The thickness of the material is also important. Thinner materials are efficient absorbers of high- and mid-frequency sound, but their performance at low frequencies quickly diminishes. That is why ceiling panels, which are thicker than carpeting and wall coverings, are generally much better sound absorbers. Sound absorption varies with frequency or pitch, and most porous absorbers less than 50 mm (2 in.) thick are efficient absorbers of mid- and high-frequency sound.

There is an extra benefit with ceiling panels when they are suspended in a metal grid with a plenum above (i.e. an architectural E mount). That airspace helps boost the low frequency absorption of the entire ceiling system. It is important to assess the sound absorbing capability of materials in the actual application in the building. If the ceiling panels are glued directly to a solid substrate such as gypsum board (i.e. an architectural A mount), one should review and specify the correct test report data. The information from the manufacturer or laboratory should define the mounting type as E-mount, A-mount, or another.

To determine the amount of islands or baffles required above a space, the floor area should be calculated and divided in half. For example, a 92.9-m2 (1000-sf) room will require 46.45 m2 (500 sf) of islands or baffles. In noisier or sound-sensitive areas, the amount should be increased to 75 percent of the floor area.

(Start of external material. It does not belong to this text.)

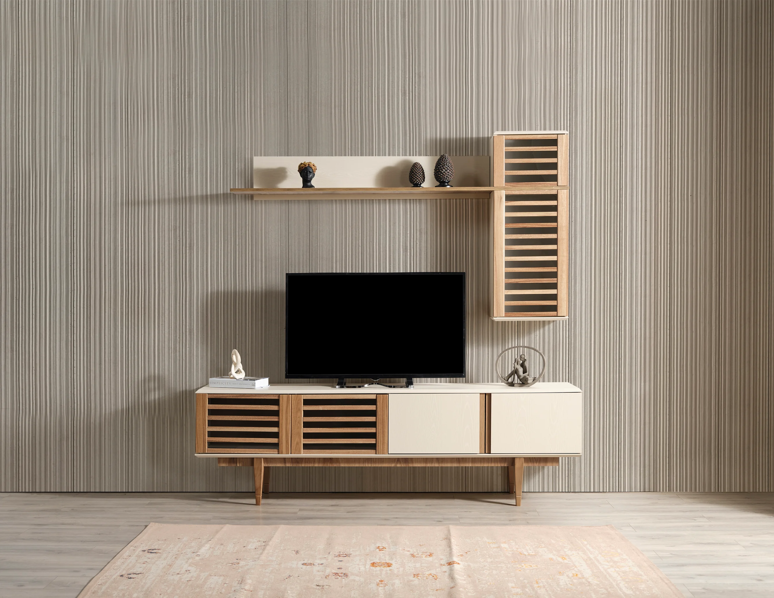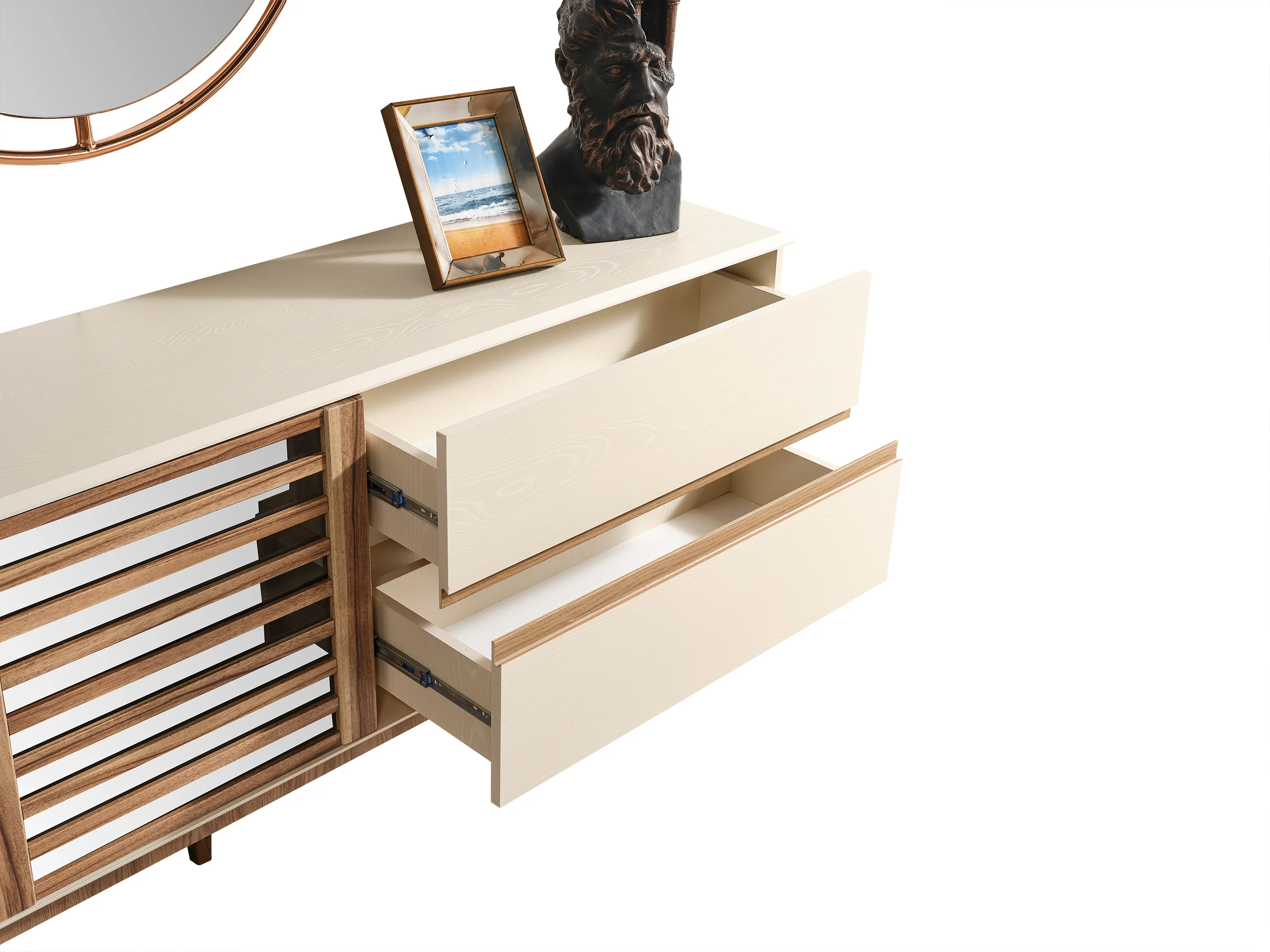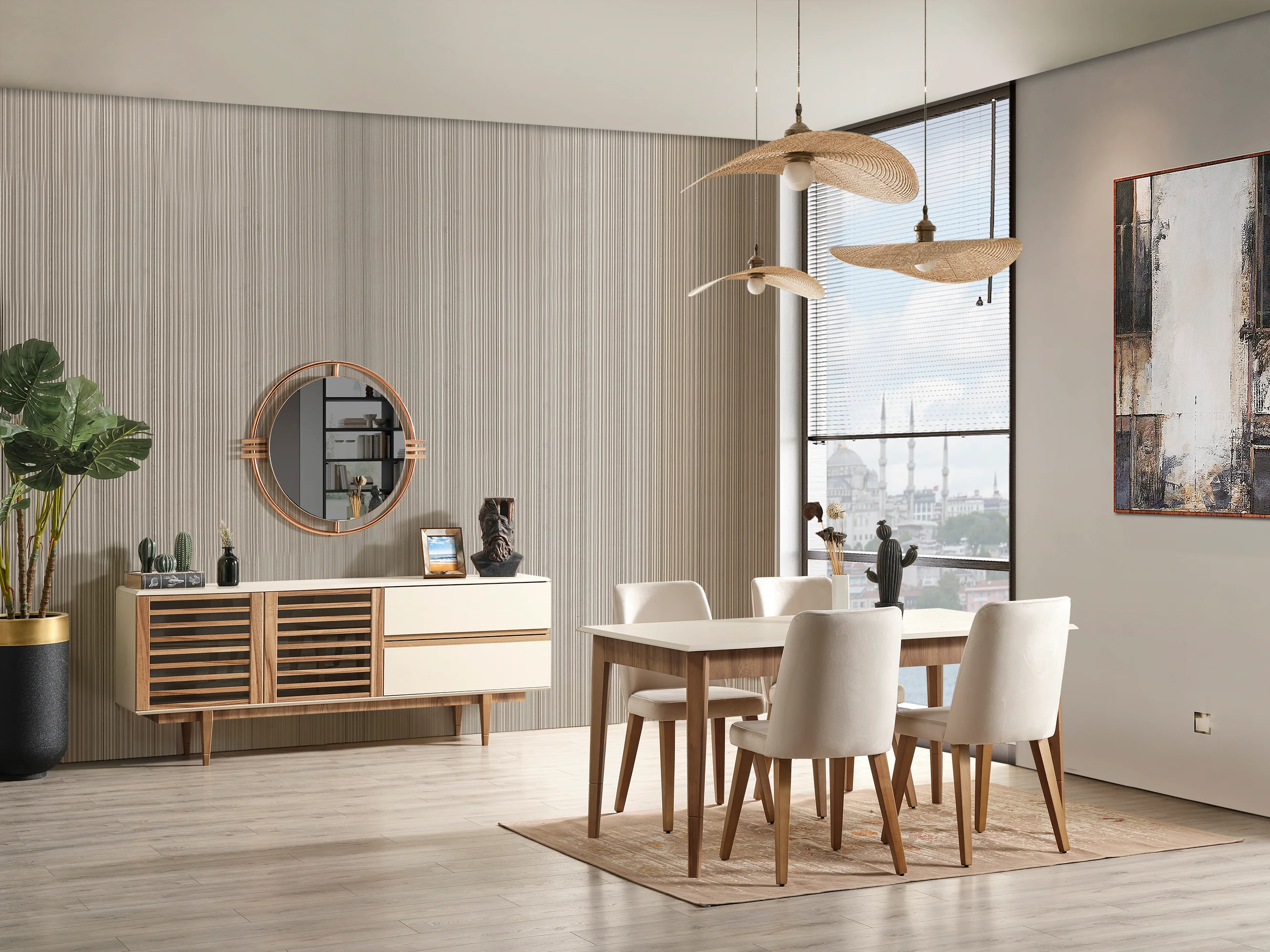 Doğal ahşap dokusunu beyazın ferahlığıyla harmanlayan bu yemek odası takımı, retro detayları modern bir estetikle buluşturuyor. Konsol kapaklarındaki ahşap çıta uygulaması ve dairesel formlu gold detaylı aynasıyla mekanda dinamik bir görsel şölen sunarken; konik ahşap ayaklı yemek masası ve deri dokulu sandalyeler konforlu bir kullanım vaat ediyor. Hasır dokulu sarkıt aydınlatmalar ve dikey çizgili duvar paneliyle tamamlanan bu set, salonunuzda hem doğal hem de oldukça seçkin bir atmosfer yaratmak için tasarlandı.

Quantifying absorption performance
The most common method of characterizing and specifying the absorption performance of a material is by noise reduction coefficient (NRC), which is a single numerical metric that varies between 0 and 1. A higher number means more sound absorption. While values of 0.50 and 0.60 may seem like they represent decent absorption, the acoustics industry generally refers to these as ‘sound reflective’ because so much sound energy is being bounced off them. NRC performance can be broken down into:

  • NRC-0.90: best (high performance);
  • NRC-0.80: better;
  • NRC-0.70: good; and
  • NRC-0.60: poor (reflective).

NRC is a calculated average of the absorption coefficients in the 250-, 500-, 1000-, and 2000-Hz octave bands. That average is then rounded to the nearest 0.05. This means two materials having NRC values differing by only 0.05 should not be viewed as substantially different. The difference could just be the result of rounding the average. Two materials that have the same NRC rating could, and likely do, perform differently at the individual octave bands. In some rooms, such as those used for group education, the differences in absorption at various frequencies may be important to speech intelligibility.

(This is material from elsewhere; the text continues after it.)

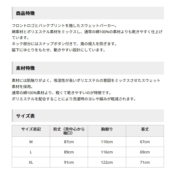 ◆フロントロゴとバックプリントを施したスウェットパーカー。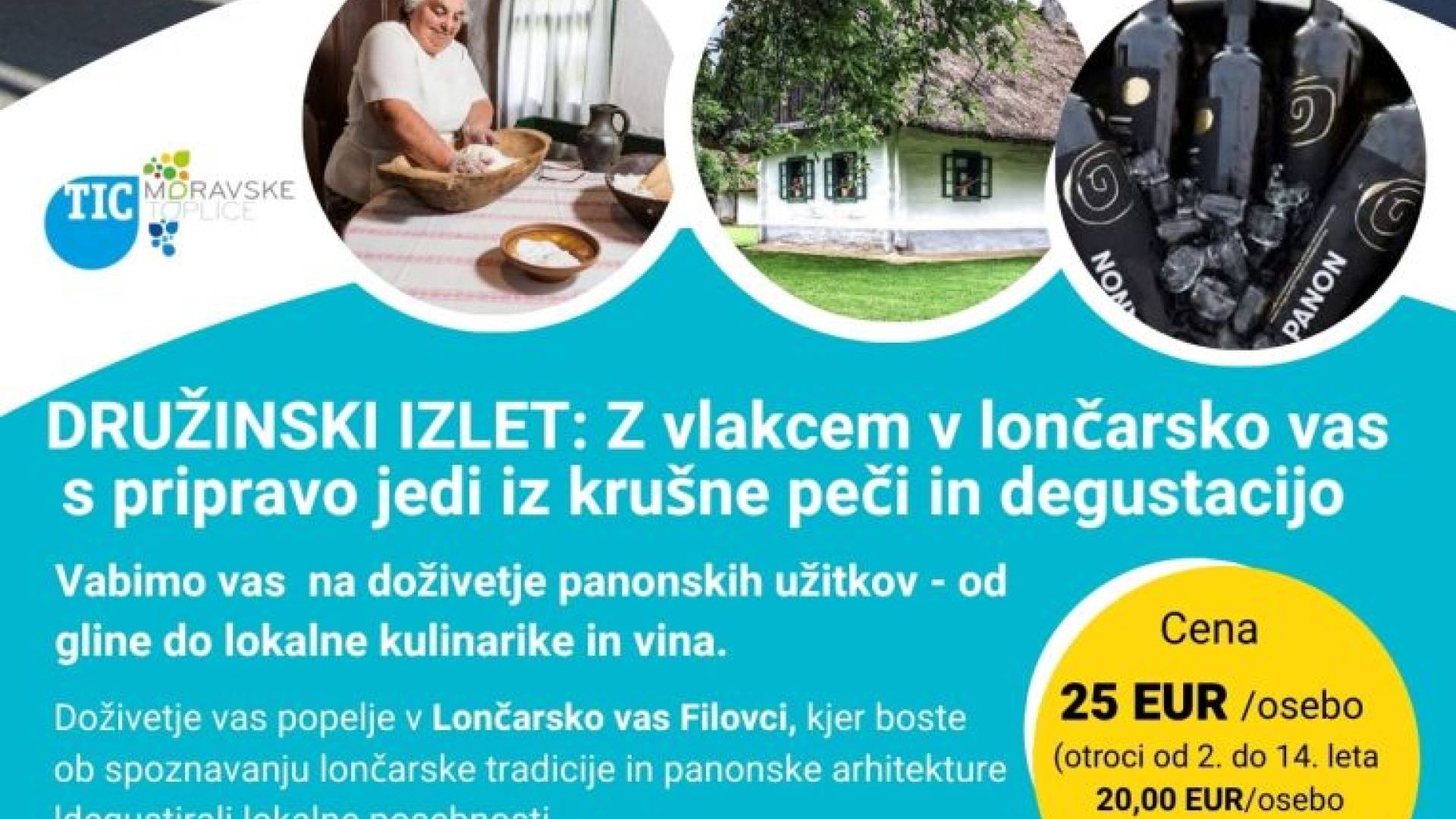 Starši z otroki ali stari starši z vnuki se lahko pridružite izletu s poudarkom na dediščini in kulinariki, ki ga prirejamo za družine v krompirjevih počitnicah. Z vlakom se boste zapeljali v lončarsko vas Filovci, kjer boste sodelovali v kulinarični delavnici peke plemenjaka v krušni peči, nato pa dobrote iz krušne peči tudi pokusili, odrasli ob spremljavi sonaravnega vina in mošta, otroci ob spremljavi grozdnega soka. Na voljo bo tudi prikaz lončarjenja in ogled cimprač. Cena 25 eur za otroke in 20 eur za odrasle. Rezervacije in prijave na izlet zbiramo en dan pred izvedbo izleta v TIC Moravske Toplice.

The octave bands used in the calculation of NRC (250 to 2000 Hz) relate to speech intelligibility. That does not mean absorption performance below 250-Hz and above 2000-Hz octave bands is unimportant. In some applications, such as those rooms intended for music or multi-media presentations, low-frequency absorption performance may be important.

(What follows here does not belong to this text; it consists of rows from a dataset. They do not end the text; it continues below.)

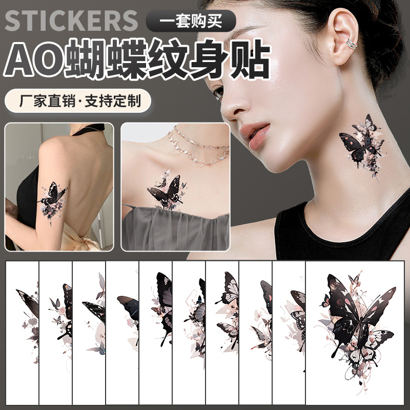 カラーの紋章は防水の女性の持続的な蝶の仙気のクールな颯爽の高級感の2024新型のシミュレーションの鎖骨のシールの女性を貼ります。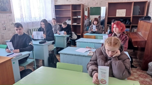 Ребята узнали о том, что курение — глобальная проблема нашего времени, что такое никотиновая зависимость и как она влияет на организм человека. Рассуждали, что успешный человек должен быть здоровым, ведь здоровье — это главная ценность в жизни. Далее подросткам были розданы буклеты с информацией о вреде и последствиях табакокурения, о составе табачного дыма, а также, что никотин — опасный яд, который вредит не только самому курильщику, но и окружающим.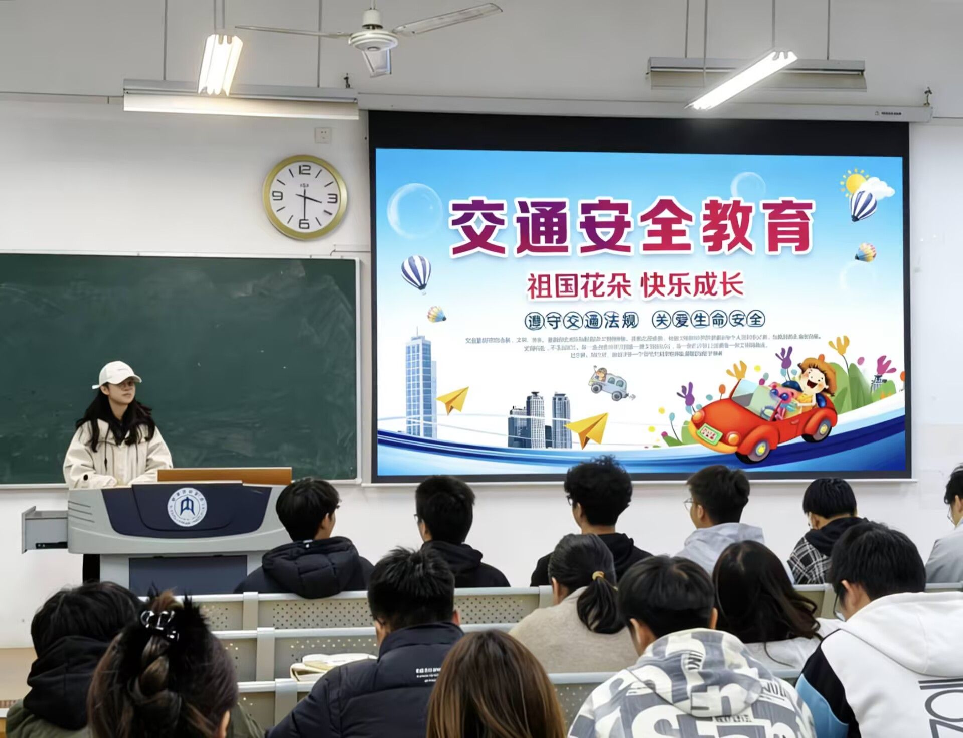 在班会中,各班班长通过PPT展示、案例分析、视频播放等多种形式,围绕校园交通状况、常见交通违法行为、出行安全注意事项等核心内容展开讲解。重点强调了骑行电动车佩戴安全头盔、过马路遵守交通信号灯、拒绝酒后骑行、不乘坐无牌无证车辆,不违规横穿马路等关键要求,结合典型交通事故案例,深入剖析了闯红灯、逆行、横穿马路等危险行为的严重后果,让学生直观感受交通安全的重要性。引导学生树立“生命至上、安全第一”的理念,自觉遵守交通规则,远离交通危险。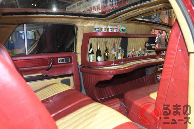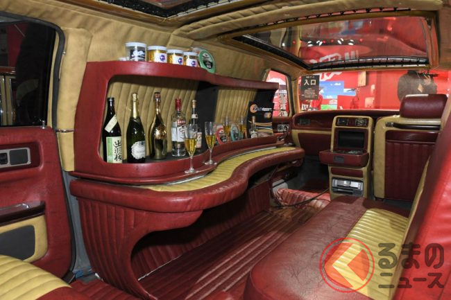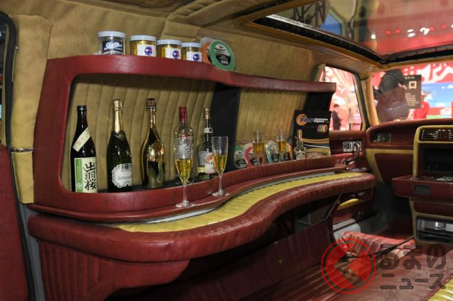 さらに驚くのは内装の豪華さです。リムジン化された広い車内にはバーカウンター&テーブルを設置することで、世界でも類を見ないVIP感を演出しました。

Specifiers might need to specify absorption coefficients by individual octave bands down to the 63-Hz octave band as opposed to relying on a single, multiband indicator such as NRC. Manufacturers cannot get NRC values without starting with the individual octave band data. Any manufacturer publishing NRC ratings should be able to provide specifiers with a detailed absorption test report per ASTM C423, Standard Test Method for Sound Absorption and Sound Absorption Coefficients by the Reverberation Room Method. Those test reports should be from an independent, third-party, National Voluntary Laboratory Accreditation Program (NVLAP)-certified acoustics laboratory.